• Assignment: Word for word, repeat the lines of the records from the first line up to and including the line that contains "钛合金的基本组织为以α-Ti", passing over any pictures.

• Material shown:

□ □ □ □

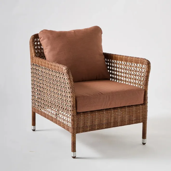 La résine coloris latérite de la collection Antibes est tressée en trois nuances de bruns-beiges" qui s'entremêlent en camaieu.
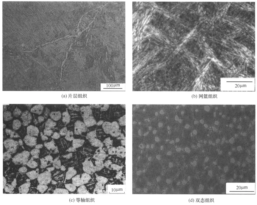 钛合金的基本组织为以α-Ti为基的α固溶体和以β-Ti为基的β固溶体,α合金、近α合金和许多α+β合金的基体为α固溶体,β合金的基体为β相。钛合金的显微组织主要取决于合金成分、变形工艺和热处理过程,典型组织为片层(魏氏)组织、网篮组织、等轴组织、双态组织,如图4所示。
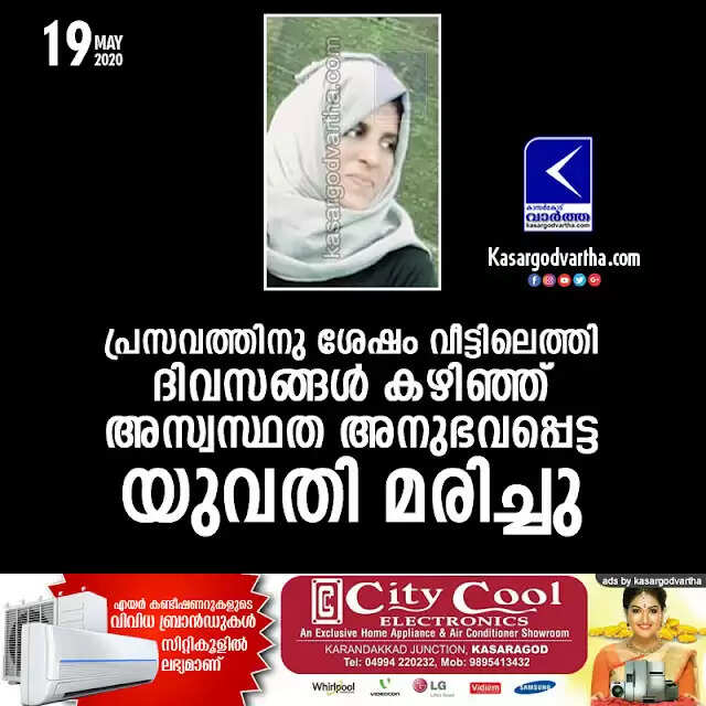 പ്രസവത്തിനു ശേഷം വീട്ടിലെത്തി ദിവസങ്ങള് കഴിഞ്ഞ് അസ്വസ്ഥത അനുഭവപ്പെട്ട യുവതി മരിച്ചു
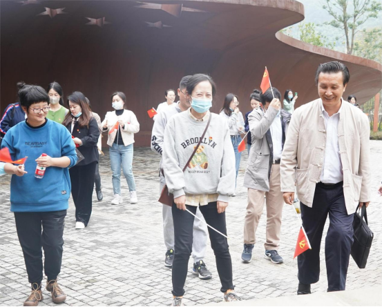 本次前往的高荷镇既有1935 年中国工农红军四方面军建立的第四区苏维埃旧址,又有邛崃酒乡文化、川西林盘等自然景观,可以说是熔革命文物、历史文物于一炉,集自然景观、人文景观于一体。老师们徜徉在秀丽的自然景观中,领略红色高荷的迷人秋景。
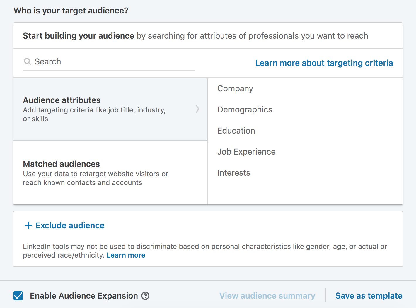 当你投放展示广告时,LinkedIn让品牌有权为看到广告的人的类型设置参数。
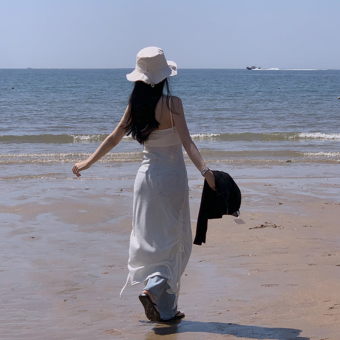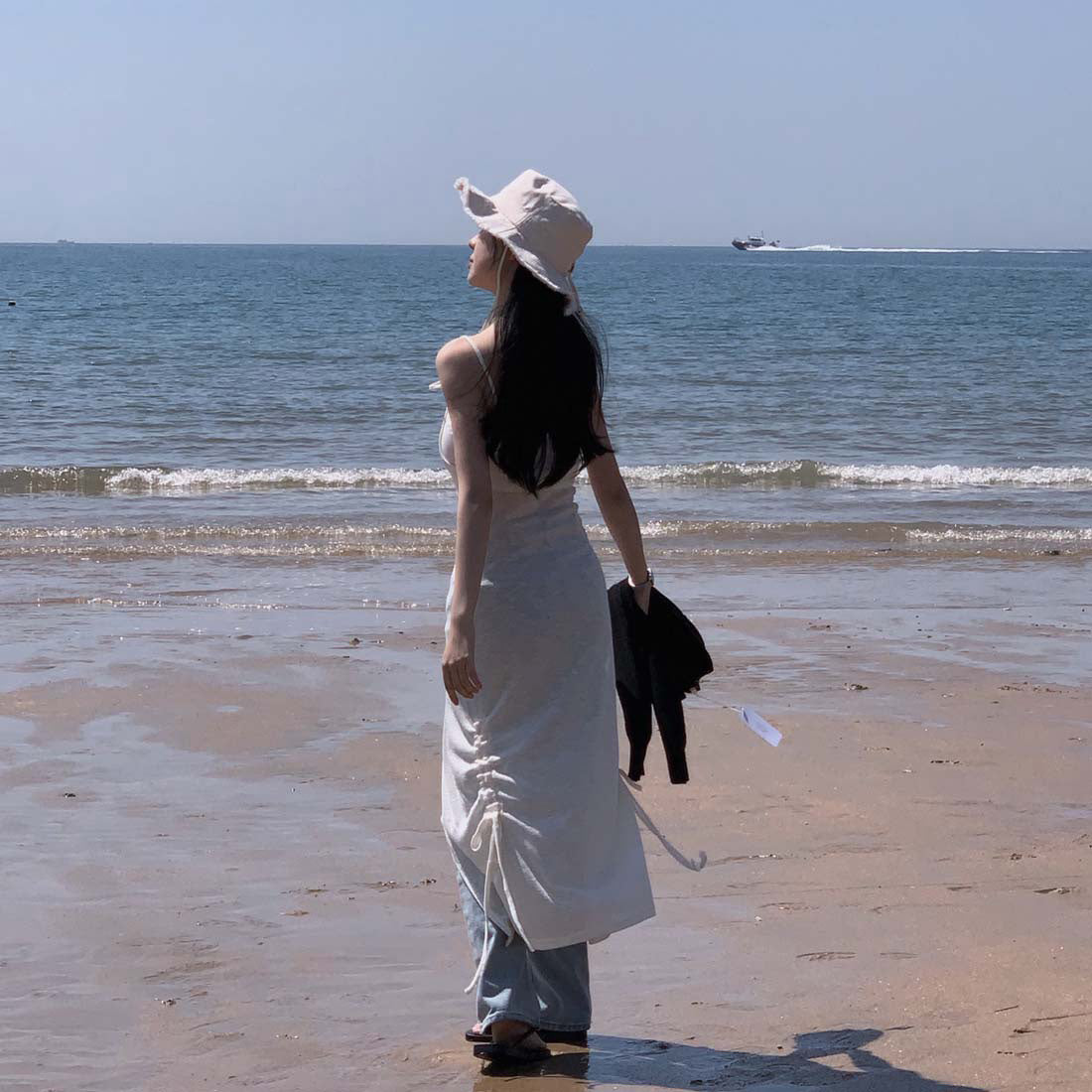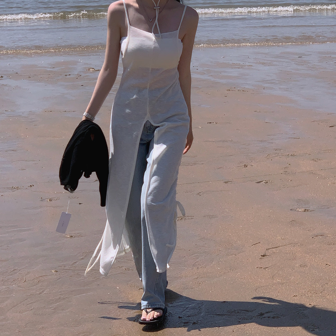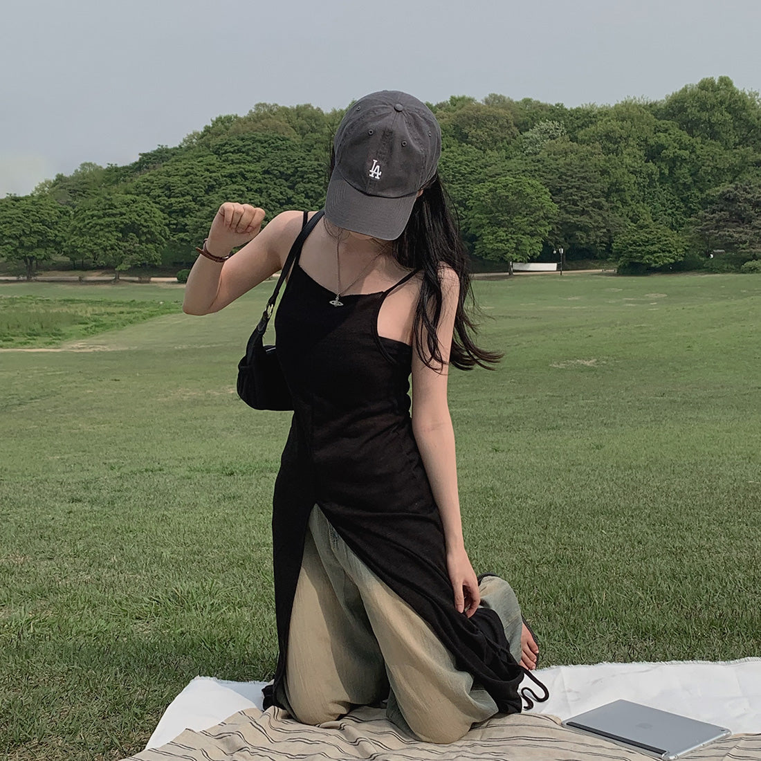【F032288】韓國ins法式氣質開叉設計針織抽繩長吊帶洋裝250311

□ □ □ □

• Solution to the problem:
 La résine coloris latérite de la collection Antibes est tressée en trois nuances de bruns-beiges" qui s'entremêlent en camaieu.
 钛合金的基本组织为以α-Ti为基的α固溶体和以β-Ti为基的β固溶体,α合金、近α合金和许多α+β合金的基体为α固溶体,β合金的基体为β相。钛合金的显微组织主要取决于合金成分、变形工艺和热处理过程,典型组织为片层(魏氏)组织、网篮组织、等轴组织、双态组织,如图4所示。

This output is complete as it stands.